As is standard in the industry, it is a great idea to include a pet deposit and pet rent, but these fees are not a guarantee of a great pet. It is more important that you conduct a pet interview, as well as include a pet addendum in your lease agreement. You can have pet requirements such as max weight limits, no puppies/kittens, no aggressive breeds, max 2 pets per unit, etc. It is also recommended that you require the resident to provide you with documentation from the vet that the pet has had all of their vaccinations, and that they have been spayed or neutered. Many counties allow or require pets to be registered, and as a landlord you should ensure this happens before move-in.

If you take the proper precautions, you can increase your resident pool by 60% and increase your revenue in the process.

When asked, “How important is having a personal washer and dryer when searching for a place to rent?” 40% of respondents selected “Very Important.” When they add respondents who selected “Important” as well, that rate becomes 66%. If your rental already has washer and dryer hookups, why run the risk of excluding 66% of rental seekers? Below are some benefits to adding a washer and dryer to your rental – and you may even make extra money in the process!

  1. A washer and dryer is a competitive advantage. This is especially true during times of decreased lead volume which include seasonal and economic factors.
  2. If a washer and dryer are really “Very Important,” at least 40% of potential residents would be willing to pay extra for them. If you don’t have a washer and dryer currently, advertise it as an option for an extra $25 per month. A full-size washer and dryer at a used appliance store will run about $400, which means that the resident will buy it for you within 16 months. Everything after that is increased profit.
  3. The washer and dryer is not only an asset but also a tax write-off.
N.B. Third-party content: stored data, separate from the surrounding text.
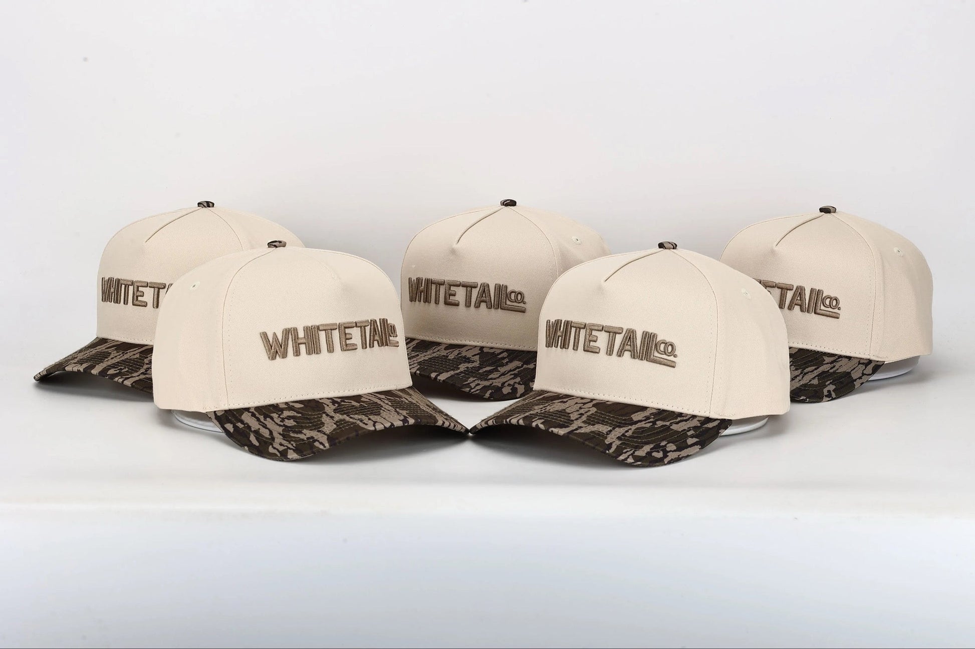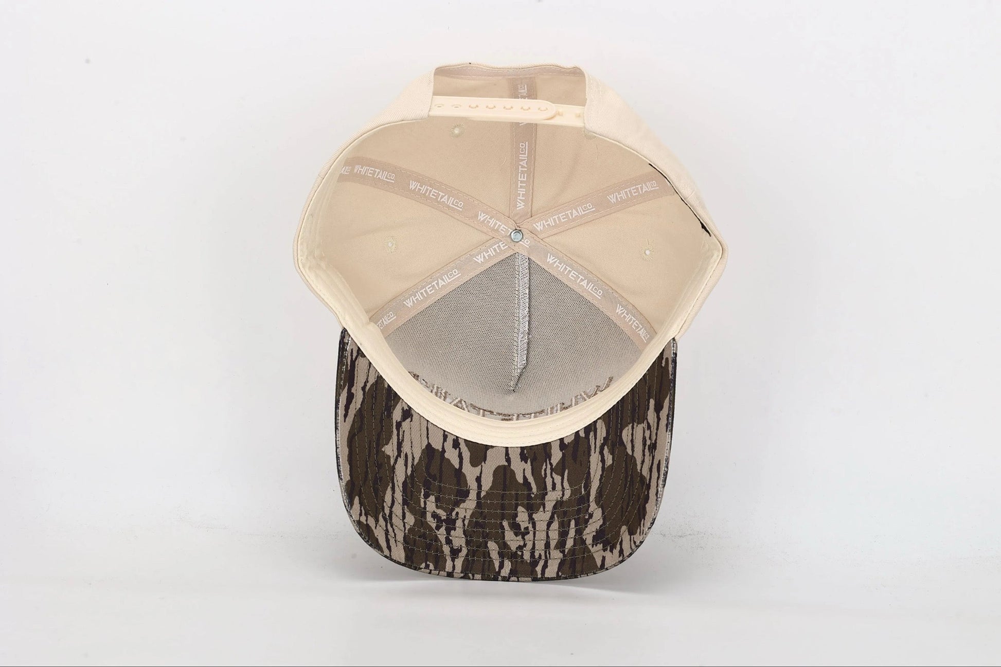 The Whitetail Co. Washed Brim Trucker features a high front and curved brim for a classic fit and sun protection. Its washed camo brim adds rugged style, while the puff embroidered logo offers a premium, textured detail. The solid back ensures a clean look, making this hat a versatile favorite for both men and women seeking durable, stylish headwear.
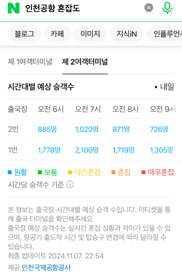 일반적으로 네이버에서는 여객 터미널의 혼잡도를 시간대별로 표시하기 때문에 방문객들이 각 터미널의 혼잡 정도를 미리 파악할 수 있도록 도와줍니다.
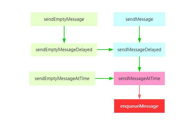 可以看出,当我们调用Handler进行发送消息时,最终都会调用sendMessageAtTime()方法,最后调用enqueueMessage( ) 发送到消息队列。
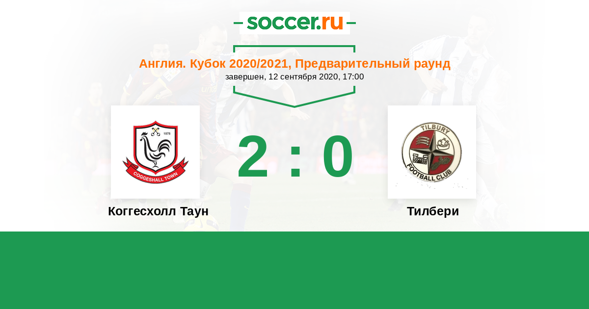 Коггесхолл Таун - Тилбери: обзор матча 12 сентября 2020
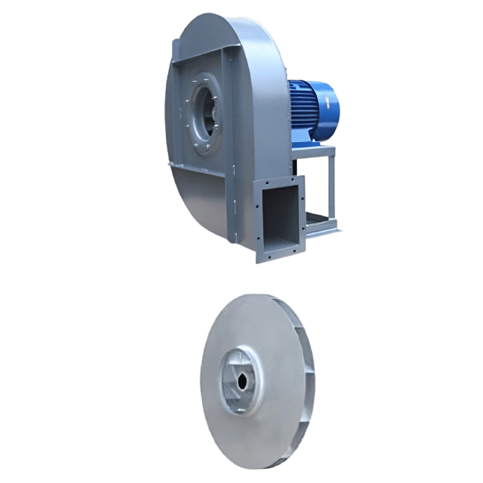 Робочі колеса виготовлені зі сталевого листа з зварною конструкцією та мають високоефективні лопатки, загнуті назад (backward-curved blades). Колеса проходять ретельне статичне та динамічне балансування та безпосередньо з’єднані з валом електродвигуна, що забезпечує стабільну роботу при високих навантаженнях.

Adding a washer and dryer to your rental may be the easiest way to increase your rental rate while filling vacancies faster.
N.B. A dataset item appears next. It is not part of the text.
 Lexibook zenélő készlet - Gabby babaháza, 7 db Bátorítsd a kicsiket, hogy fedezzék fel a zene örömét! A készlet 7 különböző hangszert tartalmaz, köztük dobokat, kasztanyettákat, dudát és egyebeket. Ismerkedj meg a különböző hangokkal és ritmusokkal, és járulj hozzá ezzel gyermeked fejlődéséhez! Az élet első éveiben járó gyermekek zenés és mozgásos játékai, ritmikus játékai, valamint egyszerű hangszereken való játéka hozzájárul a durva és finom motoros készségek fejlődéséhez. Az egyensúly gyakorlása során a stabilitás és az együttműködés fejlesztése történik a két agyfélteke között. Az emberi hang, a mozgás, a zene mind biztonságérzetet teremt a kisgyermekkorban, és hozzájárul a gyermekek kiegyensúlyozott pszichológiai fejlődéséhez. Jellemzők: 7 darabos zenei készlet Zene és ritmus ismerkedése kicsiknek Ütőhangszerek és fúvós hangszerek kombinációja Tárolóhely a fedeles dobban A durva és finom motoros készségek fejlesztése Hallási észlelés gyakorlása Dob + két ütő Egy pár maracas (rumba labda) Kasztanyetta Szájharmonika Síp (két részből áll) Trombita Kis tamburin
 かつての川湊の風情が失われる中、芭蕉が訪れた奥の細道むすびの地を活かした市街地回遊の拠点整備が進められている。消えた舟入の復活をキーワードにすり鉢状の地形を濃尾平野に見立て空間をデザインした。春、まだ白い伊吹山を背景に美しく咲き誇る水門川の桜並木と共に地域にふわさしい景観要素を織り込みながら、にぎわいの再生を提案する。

They also provided an option for the respondent to tell them exactly what they would like property managers, landlords or leasing agents to do to make their home search easier. They compiled the comments by popularity and graphed the results below:

A few of the responses that summed up the general comments are:

  • I haven’t found anything or anyone to help me yet.
  • Prices & pictures are a must! If you can’t show a picture it’s not worth my time calling… it usually means it’s infested with some kind of pest. friendliness!
  • Don’t give me fluff – give me facts! Square footage, room size, pictures of all rooms – if there are 2 baths, I want to see both. For apartments/condos – what floor is it. Details, details, details. That way no ones time gets wasted.
  • They do a great job helping people
  • Pictures can either be very helpful, or sometimes misleading, but I avoid listings that do not have any
  • Be more friendly and not so cold.
  • Answer e-mail with information.
  • Provide detailed information. And be realistic in the description of what I am looking at. I don’t like when I view a home on a website and then go and visit it in real life and they look completely different. I would prefer it if the property managers didn’t dress up the homes just to simply get a sale/lease.
  • Just give as much info on the property as possible, many listings leave out pet info or square footage. The more info, the better
  • Be willing and receptive to potential residents that have had credit problems. That seems to be the biggest issue. I Think it is just as important to have a very good rental history, and job stability. To be honest, in my recent and on going search for rentals, the property managers have been very nice.
  • give all facts up front nothing hidden like app fees
  • Call back in a reasonable amount of time, be knowledgeable, sensitive to my needs and give referral to other resources even if they can not help you.